Les luttes passèrent des ouvriers aux paysans, puis aux étudiants, puis à nouveau aux ouvriers dans un va-et-vient permanent. Le 4 octobre 1967 à Limoges et au Mans, de véritables batailles rangées opposèrent paysans et CRS. À nouveau au Mans, le 10 octobre, de violents affrontements avec blindés et hélicoptères d’un côté, et boulons ou matériaux de construction de l’autre, mirent aux prises cette fois-ci CRS et jeunes travailleurs ; ces derniers reprirent des méthodes de luttes des paysans et firent reculer les CRS puis, rejoints par d’autre salariés, ils envahirent la préfecture. À Mulhouse, les travailleurs attaquèrent la sous-préfecture. En janvier 1968, ce fut au tour de Caen et Redon de connaître de sévères affrontements. En février, mars et avril, des grèves se multiplièrent dans la métallurgie, les banques, les compagnies de navigation, à Air Inter, etc. 

À l’université, depuis la rentrée de l’automne 1967, l’agitation se développa contre le plan Fouchet. Le 9 novembre, un meeting de 5 000 étudiants se tint devant le siège de l’UNEF. Les militants révolutionnaires proposèrent comme objectif la Sorbonne. Des heurts opposèrent les étudiants et les forces de l’ordre. 

Une fois encore, les appareils de la CGT et de la CFDT appelèrent d’une même voix à une « journée d’action » le 13 décembre. La grande masse des travailleurs refusèrent d’y participer : ils firent une « grève » des journées d’action syndicales. 

Fin janvier, début février 1968, excédés par les grèves tournantes ou perlées sans résultats, les ouvriers de la Saviem de Caen votèrent « la grève illimitée jusqu’à satisfaction des revendications ». Cette grève s’étendit aux entreprises de la région. Les CRS évacuèrent l’usine ; alors le 26 janvier, les ouvriers occupèrent la ville, rejoints par les salariés des usines et bureaux intra-muros, les étudiants, et tous affrontèrent ensemble les CRS. Les syndicats appelèrent... à la reprise.

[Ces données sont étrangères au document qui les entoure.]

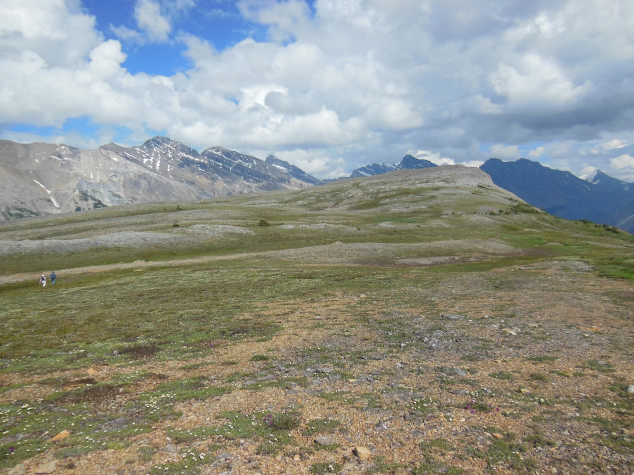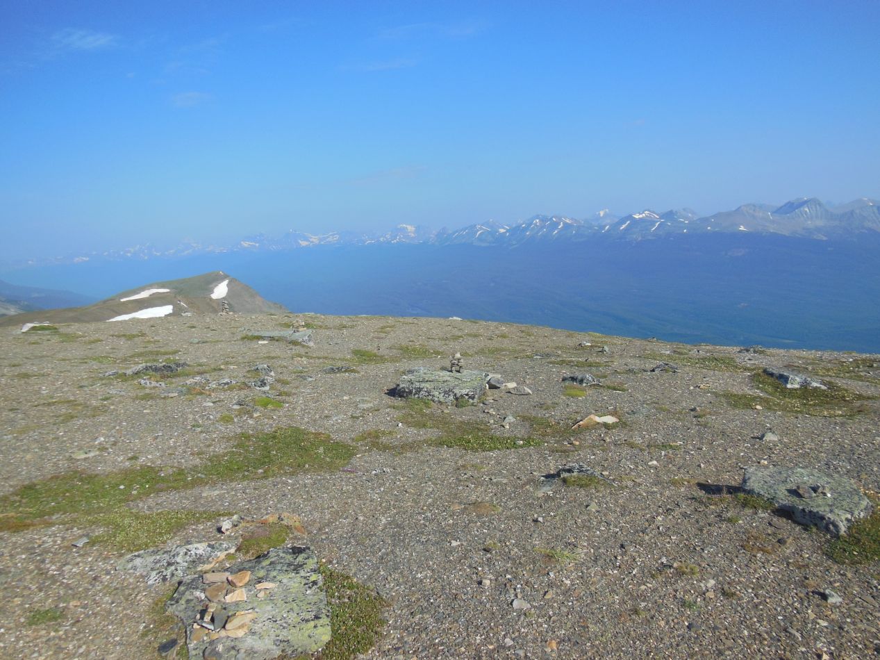 Once I made it to the top of Parker Ridge, the trail flattened out considerably. In fact, it was difficult to spot the trail at all up at the summit because there were no distinguishing landmarks. I had gone above the tree line again with the landscape reduced to tough scrub grass in the midst of otherwise bare rock. This produced a mixture of green and gray terrain that I've only ever seen in alpine regions. The views were outstanding though, and the clear weather allowed me to see for miles in every direction. Mountains, mountains, and more mountains were the story in this area. At the very end of the trail I was able to spot the Saskatchewan Glacier off in the distance, located down below in the valley between two ridges of peaks. It was hard to see from this far away, and since I had just left another glacier, I didn't feel the need to get any closer.

Qui ne fut pas suivie... 

Les événements de Caen furent contagieux. En février et mars, des mouvements se déclenchèrent ailleurs, surtout dans le Nord. Les affrontements violents avec les CRS devinrent la règle. 

Dès le mois de mars, l’agitation étudiante – construite contre la sélection du plan Fouchet et en solidarité avec les luttes anticolonialistes – prit de l’ampleur. La répression et les nombreuses arrestations entraînèrent spontanément des milliers d’étudiants à sortir dans la rue aux cris de « Libérez nos camarades ! ». 

L’appel des étudiants et des lycéens à manifester contre la répression, l’énergie dont ils firent preuve, débloquèrent la situation générale, cristallisant l’aspiration montante des travailleurs à engager le combat contre le gouvernement, contre De Gaulle et contre le système. 

Le processus qui allait aboutir à la grève générale était amorcé. Il fut le résultat des luttes, et de la construction dans les esprits du « tous ensemble », qui l’avaient précédé.